コラム『所長の眼鏡』

お~いお茶はなぜ売れたのか2021.10.01

 

伊藤園の『お~いお茶』を知らない人はいないでしょう。

今では業界販売実績世界一位を記録し、ギネス記録にも認定されている大ヒット商品です。

そんな『お~いお茶』も、実は販売から4年間は全く売れていませんでした。

 

開発までにかかった時間は、10年。

社運をかけて発売したのに全く売り上げが伸びない…。

いったいなぜ売れないのか、販売側も理由が全く分かっていませんでした。

 

「商品には自信があるのに…」「もしこのままお客さんが買ってくれなかったら…」

販売チームは、来る日も来る日も悩み続けました。

そして、ある1つの結論にたどり着きます。

 

-商品の良さが伝わっていない-

 

普通、これだけ売れなければ、「商品が悪い…」と考えてもおかしくはありません。

「この商品は売れない」と判断して、販売中止になるはずです。

しかし、伊藤園の販売チームは、そうはしませんでした。

その代わりに、ある1つの小さな変更を加えることにしたのです。

 

 

 

ところが、小さな変更を加えた途端、今まで売れなかったのが嘘のように、どんどん売れていったのです。

「お~いお茶」は、「ある部分」を変えてから、初年度だけで売上が6倍の40億円になったのです。

伊藤園の販売チームは、当時をこう振り返ります。

「市場調査をした結果、この商品は、「商品名」に大きな問題を抱えていることが分かりました。
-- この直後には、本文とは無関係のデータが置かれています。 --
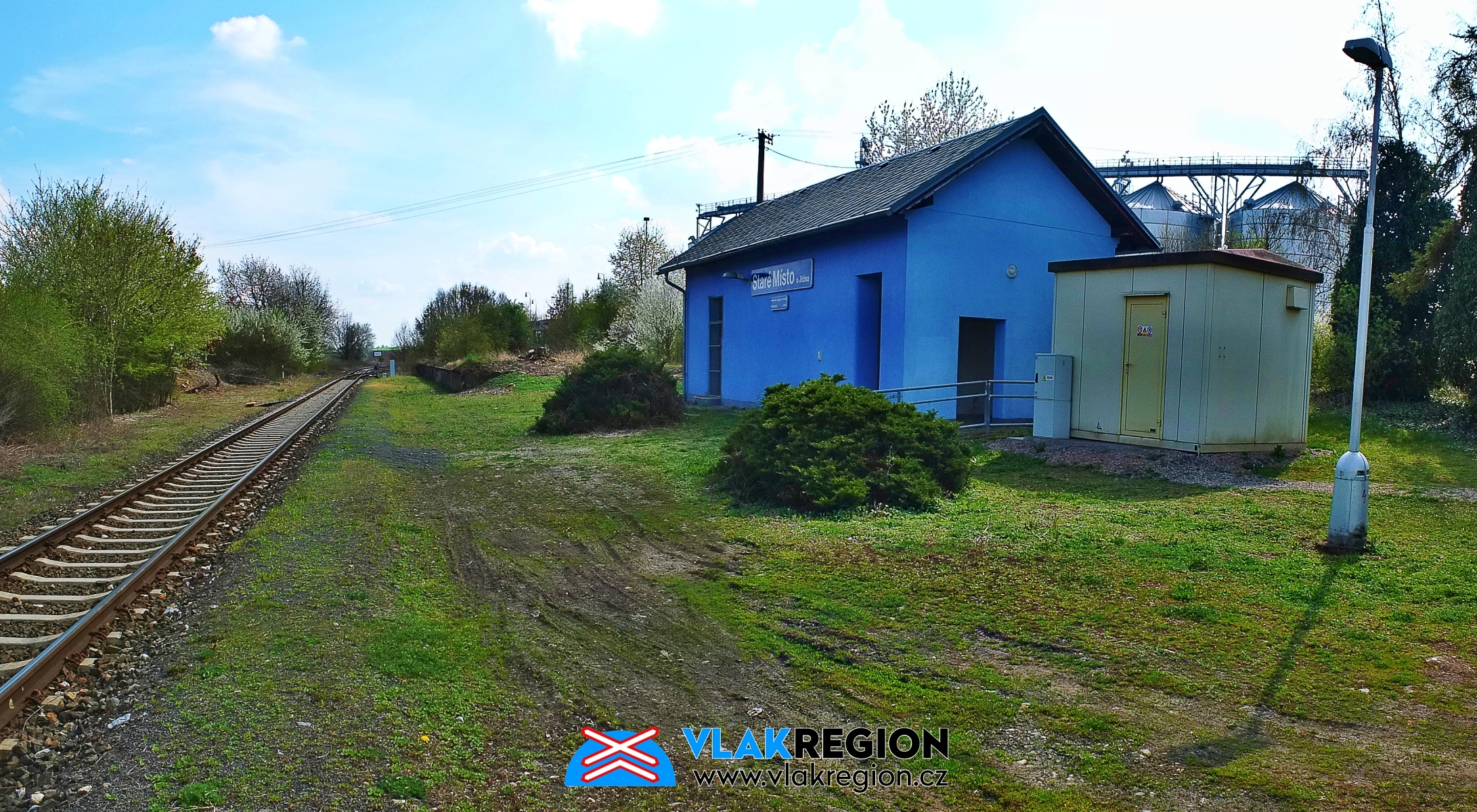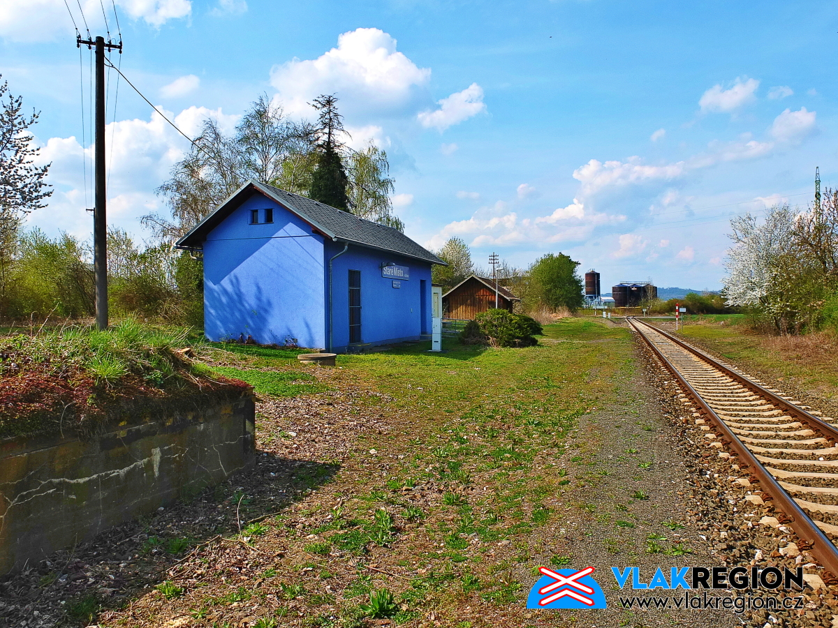 Staré Místo u Jičína - budova zastávky od přejezdu (4/2025)

みんな『缶入り煎茶』と言っても、どんな味のお茶か想像できなかったようです…」

 

そう、伊藤園の販売チームが変えたことは、商品名。

もともと「缶入り煎茶」という名前で販売していたお茶を、「お〜いお茶」という名前に変えて、販売することにしたのです。
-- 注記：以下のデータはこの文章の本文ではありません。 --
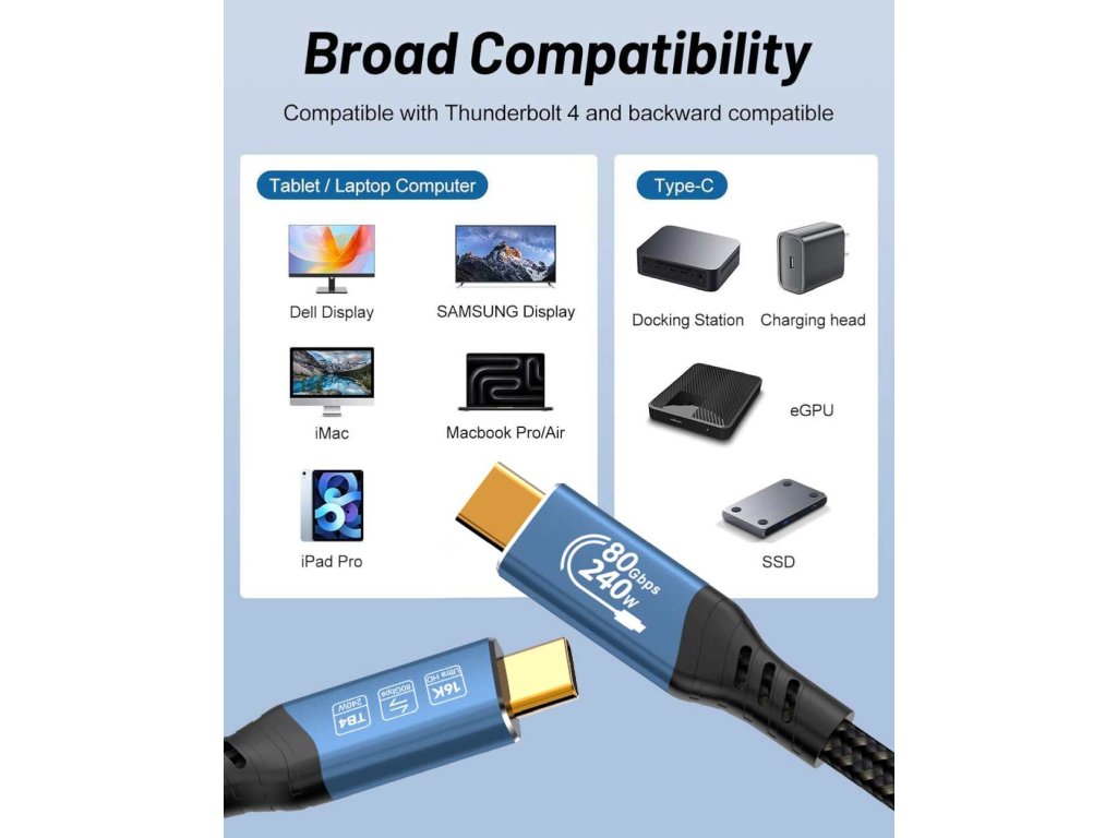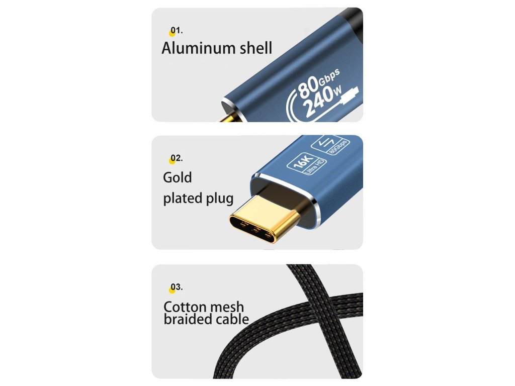 - Rozlišení videa 16K@60Hz, až 80Gbps (podporuje DisplayPort Alt Mode 2.0)

商品そのものは変えずに、商品名を変えることで、大ヒット商品へと生まれ変わらせたのです。

 

この話は、私たちにとても大切なことを教えてくれます。

つまり、どんなに良い商品でも、伝え方次第で結果が大きく変わるということです。

ほとんどの人は、「良い商品を作れば売れる」と思ってしまいがちです。

そして、もっと良い商品を、もっと良いサービスを作ろうと、一生懸命がんばっています。

もちろん、良い商品を作ることはとても大切なことですが、結果を大きく変えるのは、その良い商品をどうやって伝えるか?

つまり、売り方、マーケティングです。

 

 他にも、小林製薬の「のどぬ~るスプレー」なんかもそのいい例です。

この商品が発売された1990年頃には、喉の痛みに効く市販の治療薬でコレといった商品はなかったのですが、いつ使う商品なのかが

分かりやすく・覚えやすい商品名ということで、瞬く間に大ヒット商品になっています。

 

 今年流行ったのは、「わらび餅は、飲み物です。」

3坪の小さな和菓子屋に大行列ができたり、タピオカの次は「わらび餅ドリンク」と全国に広がりを見せています。

とうとう9月1日からはファミマで『わらびもちは飲みものです。』が発売され、飲む前に30回かき混ぜるのがポイントだそうです。笑

 

 

 

優秀な人ほど、「もっと良い商品・もっと良いサービス」を追求します。

それはもちろん素晴らしいことです。

しかし少し視点を変えて、「どうやって伝えたら、この商品の価値を伝えられるのか?」ということを考えてみると、

商品やサービスは、もっと売れるようになるかもしれません。